[Opening Task data section]

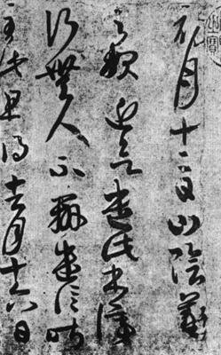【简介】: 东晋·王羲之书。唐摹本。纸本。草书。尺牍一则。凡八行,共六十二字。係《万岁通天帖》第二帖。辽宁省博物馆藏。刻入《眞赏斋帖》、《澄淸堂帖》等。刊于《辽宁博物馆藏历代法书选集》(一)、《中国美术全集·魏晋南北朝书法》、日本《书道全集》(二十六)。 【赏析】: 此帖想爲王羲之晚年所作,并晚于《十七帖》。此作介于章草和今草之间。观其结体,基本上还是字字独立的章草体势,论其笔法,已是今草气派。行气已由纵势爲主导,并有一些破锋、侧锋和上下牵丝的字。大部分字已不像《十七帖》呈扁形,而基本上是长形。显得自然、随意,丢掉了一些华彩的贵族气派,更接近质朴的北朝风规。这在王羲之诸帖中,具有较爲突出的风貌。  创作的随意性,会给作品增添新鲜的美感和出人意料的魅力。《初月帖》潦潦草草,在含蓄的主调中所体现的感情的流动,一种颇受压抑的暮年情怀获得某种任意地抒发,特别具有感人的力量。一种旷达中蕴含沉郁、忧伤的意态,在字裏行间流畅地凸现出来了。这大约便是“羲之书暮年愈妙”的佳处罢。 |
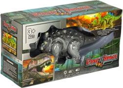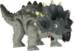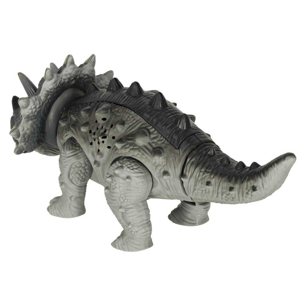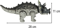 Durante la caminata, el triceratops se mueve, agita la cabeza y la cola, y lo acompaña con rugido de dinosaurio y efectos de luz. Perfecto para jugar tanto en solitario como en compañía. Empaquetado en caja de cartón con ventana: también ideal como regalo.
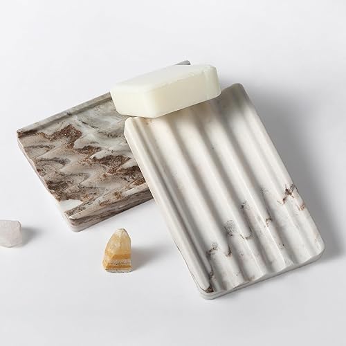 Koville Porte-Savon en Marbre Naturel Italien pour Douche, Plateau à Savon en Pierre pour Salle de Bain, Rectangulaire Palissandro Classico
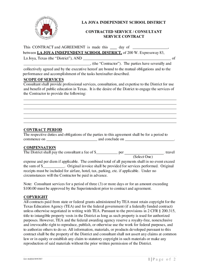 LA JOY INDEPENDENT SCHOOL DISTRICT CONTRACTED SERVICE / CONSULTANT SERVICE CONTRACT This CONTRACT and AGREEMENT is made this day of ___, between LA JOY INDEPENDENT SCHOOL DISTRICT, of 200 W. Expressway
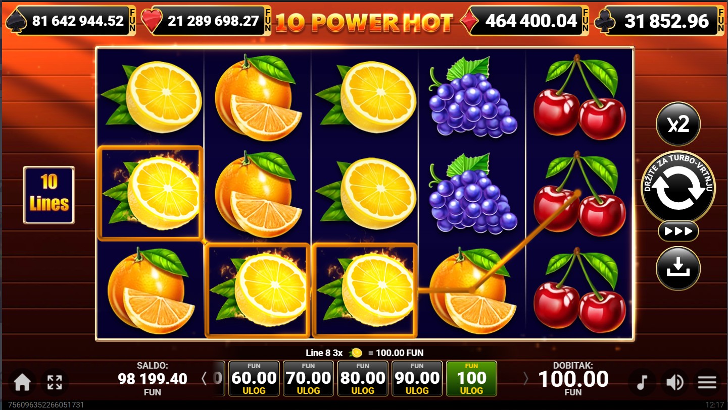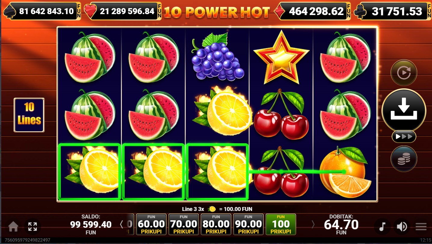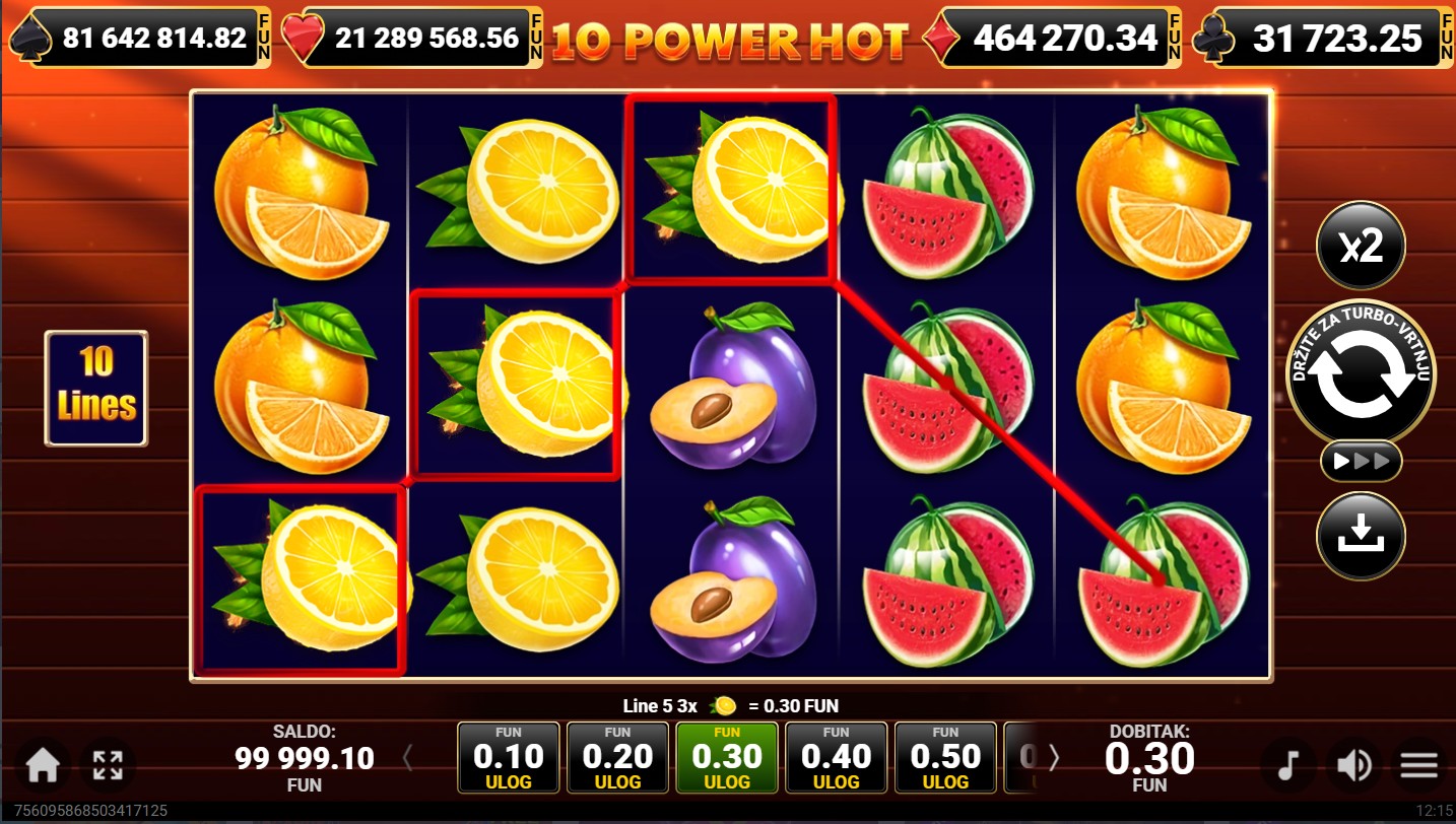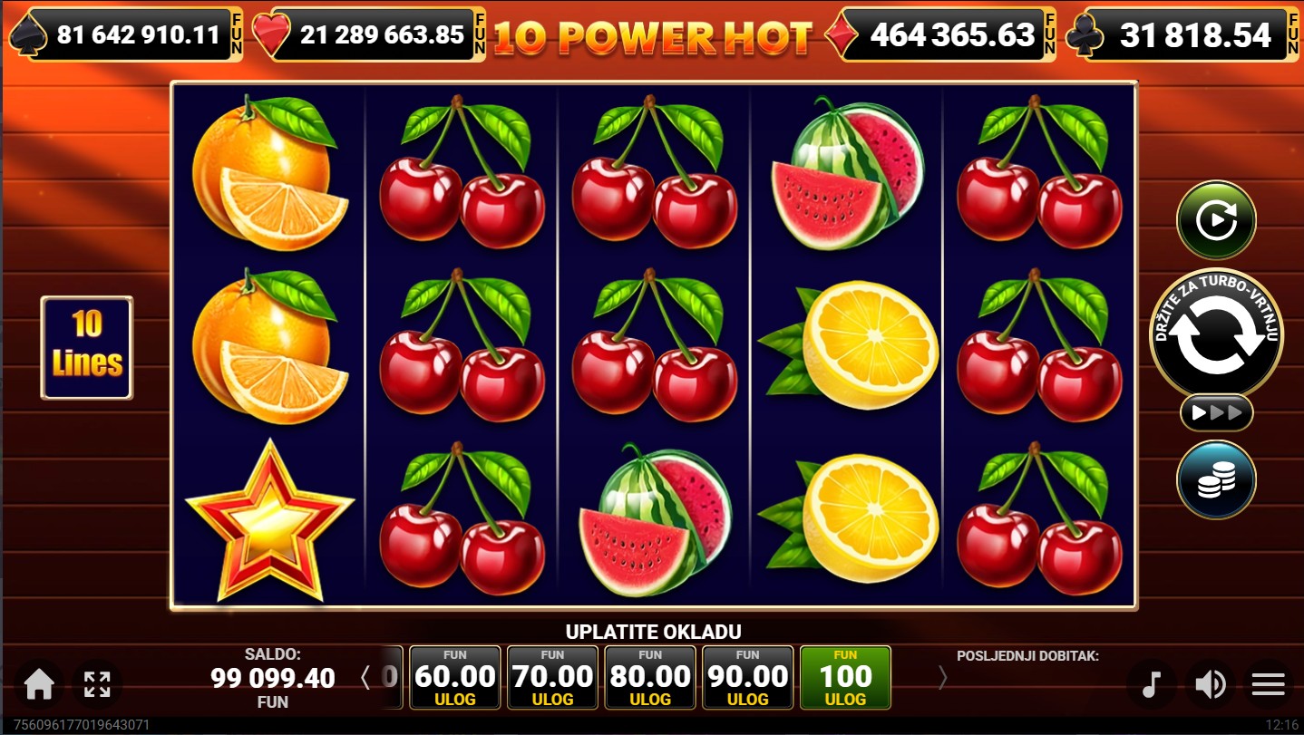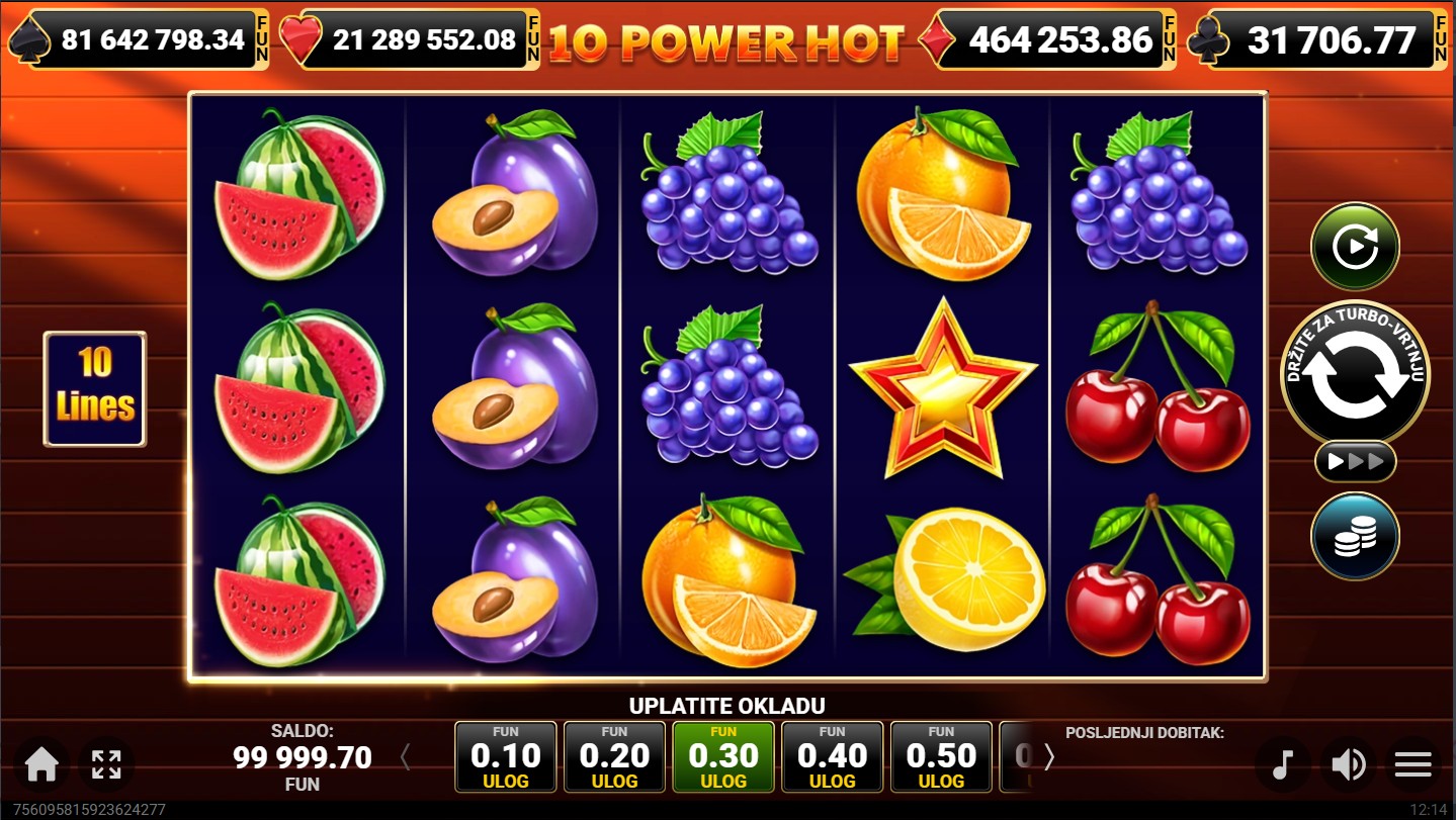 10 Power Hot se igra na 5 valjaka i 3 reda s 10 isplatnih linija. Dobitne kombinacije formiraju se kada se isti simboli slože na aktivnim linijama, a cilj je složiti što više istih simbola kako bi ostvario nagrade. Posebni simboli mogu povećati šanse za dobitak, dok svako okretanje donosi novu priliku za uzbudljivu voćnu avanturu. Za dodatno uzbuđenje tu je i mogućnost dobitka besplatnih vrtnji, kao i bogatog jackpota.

[Closing Task data section]

About this task:
A faithful copy of each entry is required, and no picture may be carried into it.

Task result:
【简介】: 东晋·王羲之书。唐摹本。纸本。草书。尺牍一则。凡八行,共六十二字。係《万岁通天帖》第二帖。辽宁省博物馆藏。刻入《眞赏斋帖》、《澄淸堂帖》等。刊于《辽宁博物馆藏历代法书选集》(一)、《中国美术全集·魏晋南北朝书法》、日本《书道全集》(二十六)。 【赏析】: 此帖想爲王羲之晚年所作,并晚于《十七帖》。此作介于章草和今草之间。观其结体,基本上还是字字独立的章草体势,论其笔法,已是今草气派。行气已由纵势爲主导,并有一些破锋、侧锋和上下牵丝的字。大部分字已不像《十七帖》呈扁形,而基本上是长形。显得自然、随意,丢掉了一些华彩的贵族气派,更接近质朴的北朝风规。这在王羲之诸帖中,具有较爲突出的风貌。  创作的随意性,会给作品增添新鲜的美感和出人意料的魅力。《初月帖》潦潦草草,在含蓄的主调中所体现的感情的流动,一种颇受压抑的暮年情怀获得某种任意地抒发,特别具有感人的力量。一种旷达中蕴含沉郁、忧伤的意态,在字裏行间流畅地凸现出来了。这大约便是“羲之书暮年愈妙”的佳处罢。 |
 Durante la caminata, el triceratops se mueve, agita la cabeza y la cola, y lo acompaña con rugido de dinosaurio y efectos de luz. Perfecto para jugar tanto en solitario como en compañía. Empaquetado en caja de cartón con ventana: también ideal como regalo.
 Koville Porte-Savon en Marbre Naturel Italien pour Douche, Plateau à Savon en Pierre pour Salle de Bain, Rectangulaire Palissandro Classico
 LA JOY INDEPENDENT SCHOOL DISTRICT CONTRACTED SERVICE / CONSULTANT SERVICE CONTRACT This CONTRACT and AGREEMENT is made this day of ___, between LA JOY INDEPENDENT SCHOOL DISTRICT, of 200 W. Expressway
 10 Power Hot se igra na 5 valjaka i 3 reda s 10 isplatnih linija. Dobitne kombinacije formiraju se kada se isti simboli slože na aktivnim linijama, a cilj je složiti što više istih simbola kako bi ostvario nagrade. Posebni simboli mogu povećati šanse za dobitak, dok svako okretanje donosi novu priliku za uzbudljivu voćnu avanturu. Za dodatno uzbuđenje tu je i mogućnost dobitka besplatnih vrtnji, kao i bogatog jackpota.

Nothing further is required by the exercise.